Abstract

Abstract: Healthcare-associated infections are serious adverse events that occur during a hospital admission. Quantifying the impact of these infections on inpatient length of stay and cost has important policy implications due to the Hospital-Acquired Conditions Reduction Program in the United States. However, most studies on this topic are flawed because they do not account for when a healthcare-associated infection occurred during a hospital admission. Such an approach leads to selection bias because patients with longer hospital stays are more likely to experience an infection due to their increased exposure time. Time of infection is often not incorporated into the estimation strategy because this information is unknown, yet there are no methods that account for the selection bias in this scenario. To address this problem, we propose a sensitivity analysis for matched pairs designs for assessing the effect of healthcare-associated infections on length of stay and cost when time of infection is unknown.
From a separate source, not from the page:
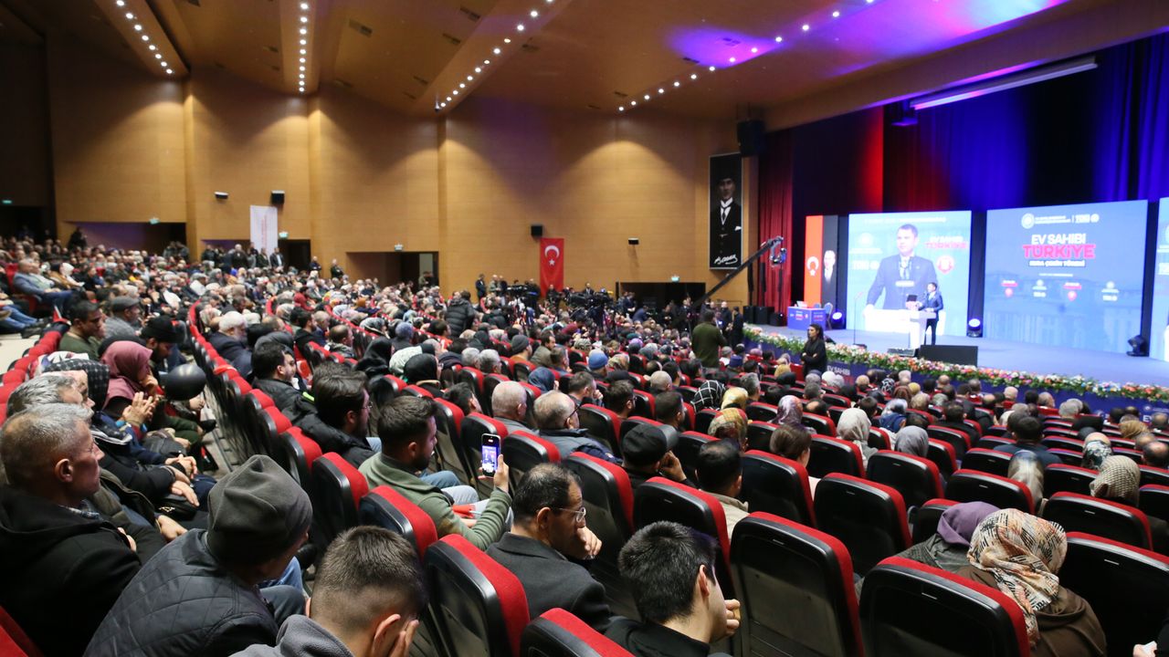 'Milletimizle omuz omuza, asrın dayanışmasıyla asrın inşasını mayaladık. Tek derdi devlet, tek derdi millet, tek derdi afetzede kardeşleri olan 200 bin mimar, mühendis ve işçimizle gece gündüz çalıştık. Rekor bir hızla saatte 23, günde 550 konut ürettik. Hiçbir ülkenin kolay kolay altından kalkamayacağı büyüklükte, 110 bin kilometrekarelik bir alandaki yıkımı iki yıl gibi bir sürede ayağa kaldırdık. Parklarıyla, kent meydanlarıyla, millet bahçeleriyle, okullarıyla, camileriyle, alt ve üstyapısıyla birlikte Avrupa ülkesi büyüklüğünde bir alanı yeniden inşa ettik. Bu büyük mücadelenin sonunda geçtiğimiz Aralık ayında sayın Cumhurbaşkanımızın teşrifleriyle Hatay'da tam 455 bin yeni yuvamızı kardeşlerimize teslim ettik. Yarım milyon konutla 2 milyon vatandaşımızı yeni yuvalarına kavuşturduk. Deprem bölgemizde verdiğimiz bu büyük mücadeleyi, Türk milletinin yeniden diriliş hareketine, tarihimizin en büyük inşa seferberliğine dönüştürdük. Alnımızın akıyla, verdiğimiz her sözü tutarak bırakın deprem bölgesini eski haline getirmeyi eskisinden daha güçlü, daha sağlam modern şehirler haline getirdik. İşte bunun en somut örneklerinden biri de Kahramanmaraş'tır. Kahramanmaraş'ta 73 bin bağımsız bölümü hak sahibi kardeşlerimize teslim ettik. Ecdat yadigarı eserlerimize sahip çıkarak tarihi Kapalı Çarşımızı yeniden canlandırdık, Demirciler Çarşısı'na Toptancılar Sitesinden Kasaplar Çarşımıza kadar kentin ticari ve kültürel damarlarına yeniden hayat veriyoruz.'

The approach models the probability of infection, or the assignment mechanism, as proportional to a power function of the uninfected length of stay, where the sensitivity parameter is the value of the power. The general idea is to incorporate the degree of exposure into the probability of an infection occurring. Under this size-biased assignment mechanism, we develop hypothesis tests under a sharp null hypothesis of constant multiplicative effects. The approach is demonstrated on a pediatric cohort of inpatient encounters and compared to benchmark estimates that properly account for time of infection. The results reaffirm the severe degree of bias when not accounting for time of infection and also show that the proposed sensitivity analysis captures the benchmark estimates for plausible and theoretically justified values of the sensitivity parameter.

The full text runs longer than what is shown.